Pull Down Resistors

What value is the pot?

 

Oh, pity. It would have been easier to calculate the exact values for you knowing that. Do you have a multimeter to measure it's resistance? (Measure across the outer terminals, with the pot out-of-circuit.)

 

It means it's 10 kilo ohms, 10,000 ohms, (in any context). That's a fairly standard value. If you measured correctly, it will be 5K from one end pin to the centre pin, 5K from the other end to the centre pin, and 10K from end to end.

It's actually handy to number the components, to make them easier to refer to.
I could explain the theory now, but I'll just do some quick calculations and then I can do it better, with voltages at different points.
Edit: I'll be a little while - have to eat lunch first.

 

Interesting. Maybe I'm missing something, but the way I see it LED1 will always be on, if your circuit is identical to the drawing.
Even with the pot wiper all the way to the left, there will still be a little under 1V available at the base of T2, (which will clamp at 0.6V), turning it on, and 2.5V available at the base of T1, clamped at a little over 0.6V, also turning it on. It might be dimmer than when the wiper is in the centre, but still on.
There will be roughly 1.9V at the right-hand side of the pot in this position, so LED 3 will be very faintly lit too. LED 2 will be fully on.
If you say that LED1 only lights when the pot is in the centre, then obviously I've made a mistake somewhere, but that's how I see it.

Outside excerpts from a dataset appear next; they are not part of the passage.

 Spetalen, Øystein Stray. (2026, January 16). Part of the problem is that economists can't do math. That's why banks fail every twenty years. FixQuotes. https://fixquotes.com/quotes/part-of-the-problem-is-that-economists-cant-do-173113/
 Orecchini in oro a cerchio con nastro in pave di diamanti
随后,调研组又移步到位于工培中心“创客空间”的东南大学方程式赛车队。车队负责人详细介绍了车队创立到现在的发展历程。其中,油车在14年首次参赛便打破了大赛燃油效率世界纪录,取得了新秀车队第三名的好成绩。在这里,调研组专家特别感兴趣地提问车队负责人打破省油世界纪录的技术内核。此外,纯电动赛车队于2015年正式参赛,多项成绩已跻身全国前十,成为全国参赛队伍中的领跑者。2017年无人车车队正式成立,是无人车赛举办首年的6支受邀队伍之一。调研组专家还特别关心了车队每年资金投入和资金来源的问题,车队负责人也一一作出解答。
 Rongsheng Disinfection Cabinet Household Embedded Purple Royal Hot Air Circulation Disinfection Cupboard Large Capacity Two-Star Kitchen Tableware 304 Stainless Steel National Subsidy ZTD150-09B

Similar situation when the pot wiper is to the right.

Someone else want to check this out and see what I overlooked?

 

If it could turn 360 degrees, yes. (At least I got that right.)

 

It's OK, I made a silly mistake. In reality, (with the pot wiper to the left), the base of T2 will be at about 0.35V and it will be off, not on, so the LED could not be lit. And the right-hand side of the pot will be at about 0.7V, so LED3 will be fully off. R3 / R5 act as a voltage divider, dividing the 0.7V at the right of the pot in half, supplying the aforementioned 0.35V to the base of T2. R5 is not a 'pulldown' in this situation. Similarly, with the pot in this position, R2/R4 are a voltage divider, supplying 2.5V to the base of T1, which cannot conduct because T2 is off.

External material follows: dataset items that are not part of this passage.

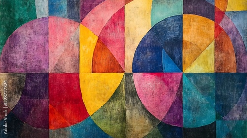 Vibrant geometric painting showcases richly saturated colors subtly blended creating a joyful abstract design. AI Generated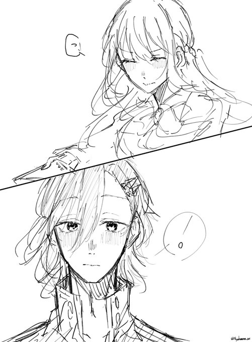 #イケシリ乙版深夜の真剣お絵描き文字書き60分一本勝負 #イケレボFA お題「手紙」お借りしました! 遅刻+若干の時間オーバー申し訳ありません!途中から何を描きたいか分からなくなりました。 アリスちゃんから手紙を貰うルカのルカアリです。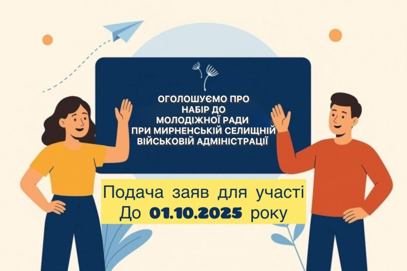 Мирненська селищна військова адміністрація Волноваського району Донецької області повідомляє, що 14 листопада 2025 року в режимі онлайн відбудуться установчі збори Молодіжної ради при Мирненській селищній військовій адміністрації Волноваського району Донецької області.
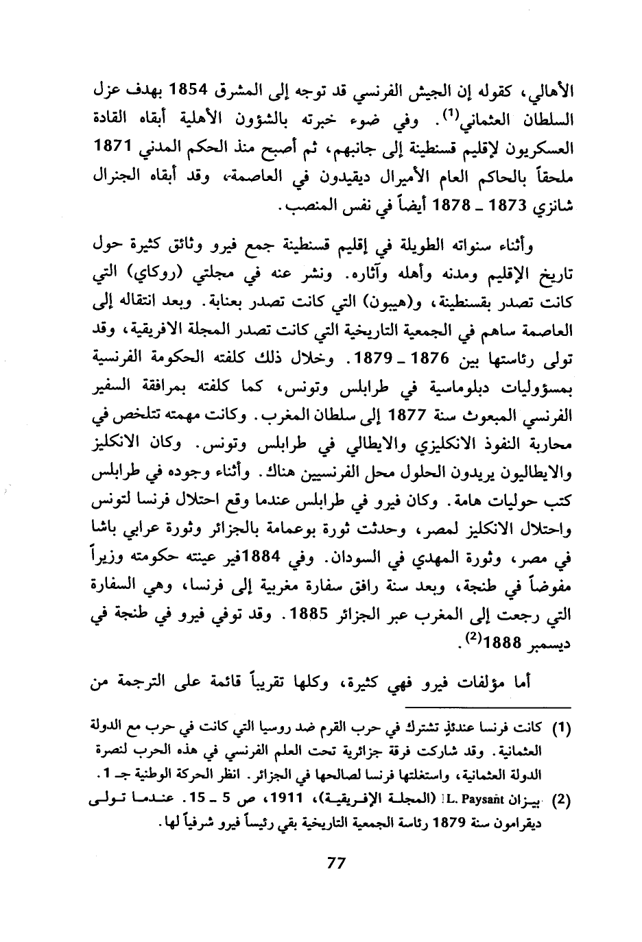 (¬2) بيزان L. Paysant (المجلة الإفريقية)، 1911، ص 5 - 15. عندما تولى ديقرامون سنة 1879 رئاسة الجمعية التاريخية بقي رئيسا فيرو شرفيا لها.

When the pot is to the right, the situation is reversed.

I miscalculated the current through the pot and the right-hand leg.

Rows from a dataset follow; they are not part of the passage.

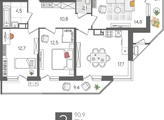 В продаже 3-комнатная квартира от застройщика! ЖК «Рекорд» 2 очередь, г. Краснодар, Литер 5 Срок сдачи: 4 кв. 2026, общей площадью 90.9 кв.м., на 22 этаже.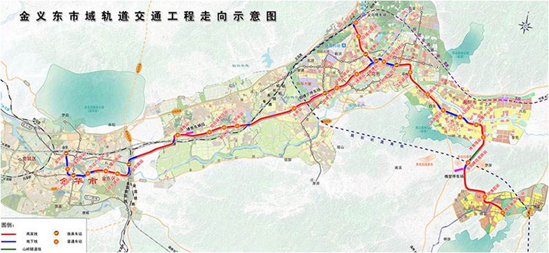 項目建設規模由金華—義烏和義烏—東陽兩條線路組成,兩線在秦塘站呈雙島四線同站臺換乘。其中,金華—義烏線起于金華火車站,沿雙龍街-李漁路-李漁東路-站前路-金義新區新城路-規劃國貿大道二期-國貿大道一期,止于義烏秦塘站;義烏—東陽線起于義烏火車站,沿宗澤路-國貿大道-商城大道-陽光大道-世茂大道-興平路-迎賓大道-S218-鎮北路-萬盛北街-橫店環城東路,止于橫店客運中心。兩條線路總計全長約107.18公里,共設站31座(其中地下站13座,高架站18座),設一段三場,建設地址位于金華地區(含金華市婺城區、金東區、義烏市、東陽市),計劃于2021年建成。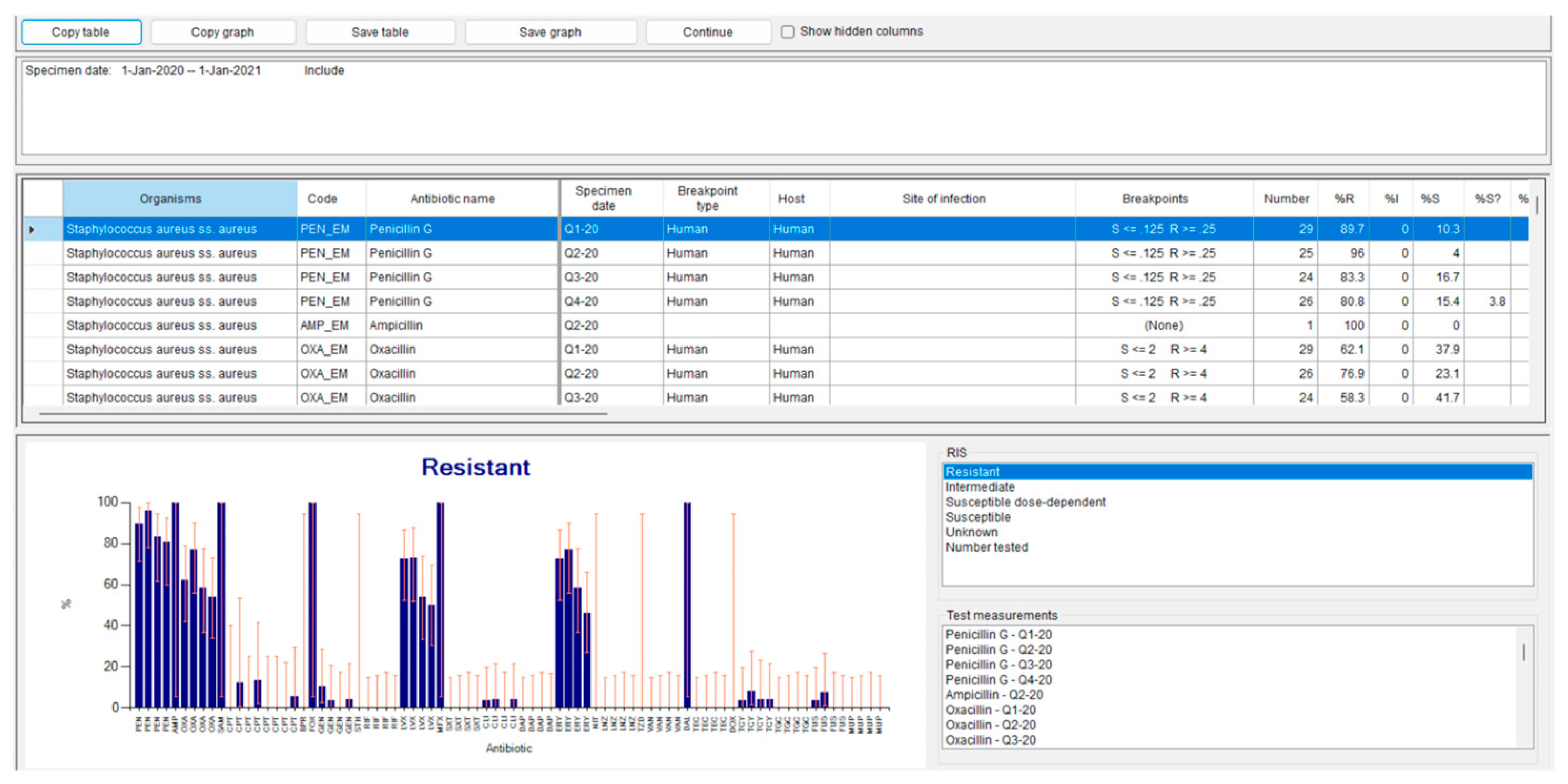 - O’Brien, T.F.; Stelling, J.M. WHONET: Removing obstacles to the full use of information about antimicrobial resistance. Diagn. Microbiol. Infect. Dis. 1996, 25, 162–168. [Google Scholar] [CrossRef] [PubMed]

Edit: So you're not going blind, LED1 is definitely off when the wiper is at the ends.

 

My problem now, though, is when the pot is in the centre, I get 0.4V at the base of both transistors, so they should be off and LED1 still not lit! ???

 

A pulldown resistor holds an input low, until a high is applied to the input. And see my last post.

 

I just did a quick LTSpice simulation of the wiper in the centre of the pot. (Attached, and screenshots below.)

The circuit:-


The trace, green is Vb1, (T1), and blue is Vb2, (T2):-

 

Hmmm. At 410mV, both transistors should be off, and LED1 unlit.
You've got me beat.

It's hard to see in your pics, but carefully double-check that it's wired the same as the schematic.
If so.....you win. I give up.

 

Before I disappear, if someone who has LTSpice wants to load the schematic above and double-check what I've done, please do so. This is a mystery. I'd love to know what's going on here.
Edit: They're just generic NPN transistors, but that should be all that's needed here.